As I mentioned above, finding local extrema (i.e. extrema within a specific interval) follows the exact same process above except that you then also have to check the end points of the interval themselves to see if they’re an absolute maxima or minima point:

Lastly, on an unrelated-to-EVT note, I couldn’t remember how/why the derivative of ln(x) = 1/x so I spent a good chunk of Thursday morning re-watching this video and working through the proof:

I still don’t really understand how/why deriving both sides of a y = x equation works. I know how to work through the chain rule, product rule, quotient rule, etc. but it still seems like magic to me, like I don’t really know what’s going on or why it works. I keep reminding myself that this is exactly how I felt as I worked through trigonometry and algebra, however, and I eventually started to figure both subjects out. I’m hoping the same will happen with derivatives!

It dawned on me this morning that I’m now into my third year of working on KA. Thinking of myself as a third-year student is a bit of a confidence-booster, like I’m not a freshman anymore that has no clue what’s going on.
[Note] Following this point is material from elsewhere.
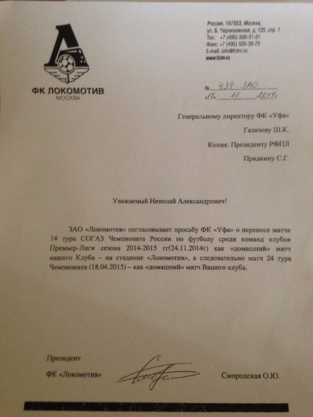 Матч "Локомотив" – "Уфа" должен был состояться в Перми, однако - да, да - все та же комиссия по сертификации стадионов РФС по итогам проверки понизила стадиону "Звезда" категорию сертификата соответствия союза с "первой" до "второй". После чего "Уфа" предложила железнодорожникам поменяться турами (24 ноября команды сыграют в Москве, 18 апреля следующего года – в столице Башкирии). "Локомотив" предложение принял и ответил... Николай Александровичу (видимо, Толстых).

This coming week I’m hoping I can get through a handful of exercises in Analyzing Functions(400/1800 M.P.) and get ~50% of the way through the unit. Looking at the number of videos, exercises, and articles I’d have to get through to get to 50%, I think it will be tough but doable. As well, I finally finished summer camps this past week so I’ll now have my mornings free again which should give me a lot more time to work on KA. So no more excuses!! Time to get shit done! 😤💪🏼